=== Available records ===
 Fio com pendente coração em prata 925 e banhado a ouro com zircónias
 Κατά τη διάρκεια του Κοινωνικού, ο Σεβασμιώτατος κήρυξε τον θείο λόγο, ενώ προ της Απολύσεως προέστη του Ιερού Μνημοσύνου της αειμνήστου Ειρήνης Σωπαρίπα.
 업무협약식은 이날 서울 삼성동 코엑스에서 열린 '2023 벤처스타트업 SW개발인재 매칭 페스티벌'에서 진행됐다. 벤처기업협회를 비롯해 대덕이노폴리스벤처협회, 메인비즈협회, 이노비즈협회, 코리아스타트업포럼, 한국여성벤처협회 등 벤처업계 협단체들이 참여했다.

* * *

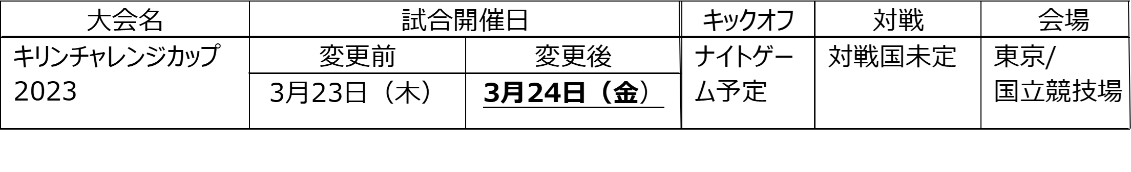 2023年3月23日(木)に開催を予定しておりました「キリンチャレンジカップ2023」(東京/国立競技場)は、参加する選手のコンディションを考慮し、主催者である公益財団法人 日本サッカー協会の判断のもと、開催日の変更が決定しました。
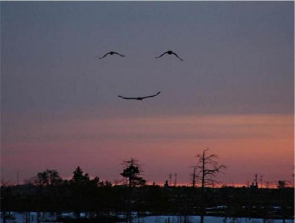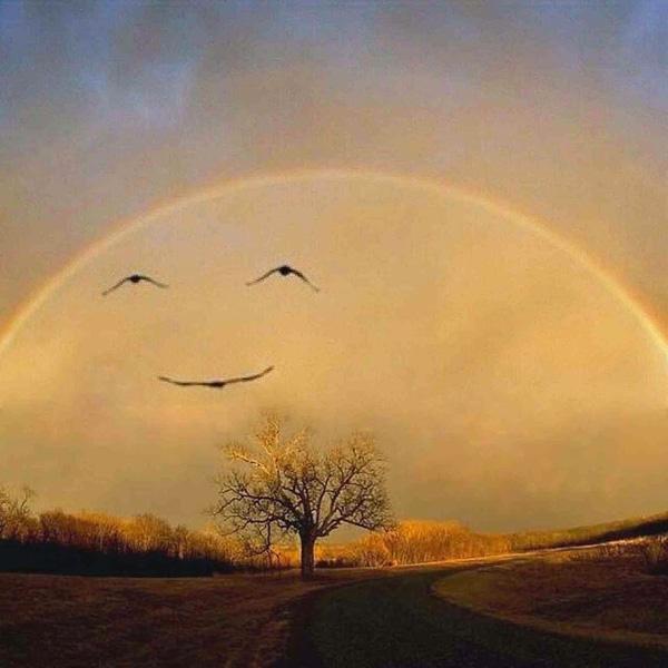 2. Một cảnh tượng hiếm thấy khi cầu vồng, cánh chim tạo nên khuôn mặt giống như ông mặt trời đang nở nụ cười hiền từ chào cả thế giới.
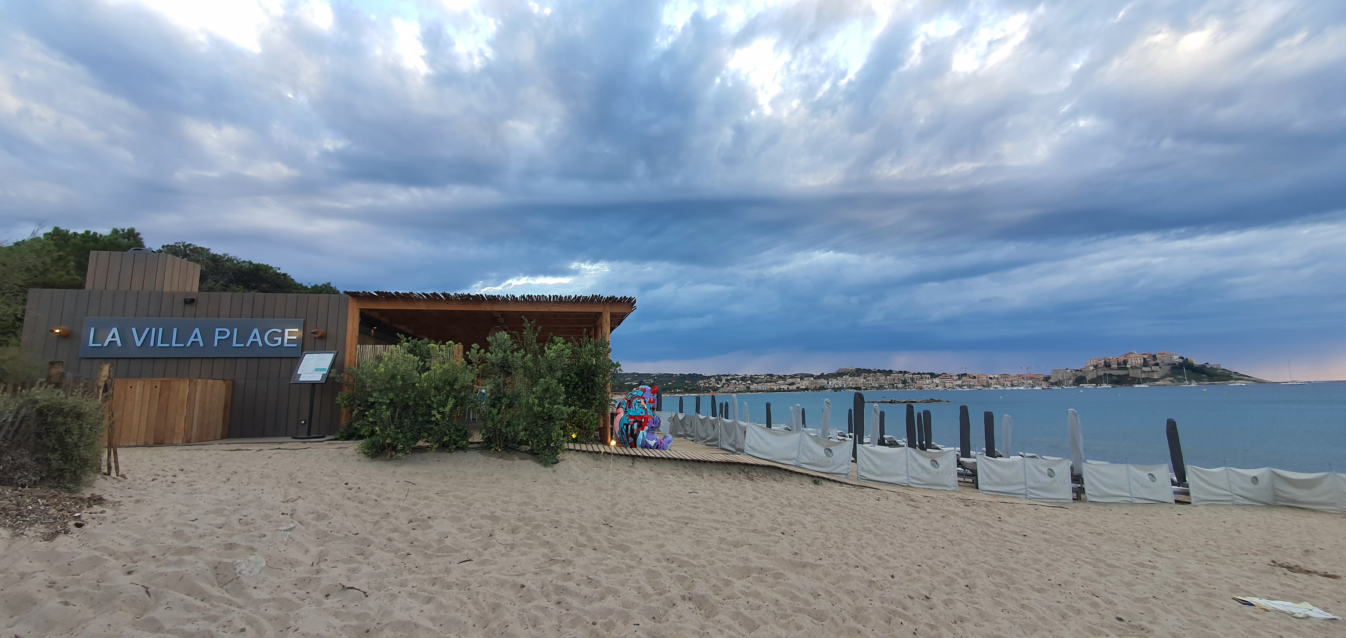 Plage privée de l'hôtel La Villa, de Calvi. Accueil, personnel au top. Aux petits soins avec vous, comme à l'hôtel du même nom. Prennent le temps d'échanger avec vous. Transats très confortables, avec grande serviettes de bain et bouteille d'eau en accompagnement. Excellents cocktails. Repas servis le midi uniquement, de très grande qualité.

=== Work required ===
Could you transcribe the entries above word for word, from the line with "Fio com pendente" down to the line with "업무협약식은 이날 서울", keeping both?

=== Exercise solution ===
 Fio com pendente coração em prata 925 e banhado a ouro com zircónias
 Κατά τη διάρκεια του Κοινωνικού, ο Σεβασμιώτατος κήρυξε τον θείο λόγο, ενώ προ της Απολύσεως προέστη του Ιερού Μνημοσύνου της αειμνήστου Ειρήνης Σωπαρίπα.
 업무협약식은 이날 서울 삼성동 코엑스에서 열린 '2023 벤처스타트업 SW개발인재 매칭 페스티벌'에서 진행됐다. 벤처기업협회를 비롯해 대덕이노폴리스벤처협회, 메인비즈협회, 이노비즈협회, 코리아스타트업포럼, 한국여성벤처협회 등 벤처업계 협단체들이 참여했다.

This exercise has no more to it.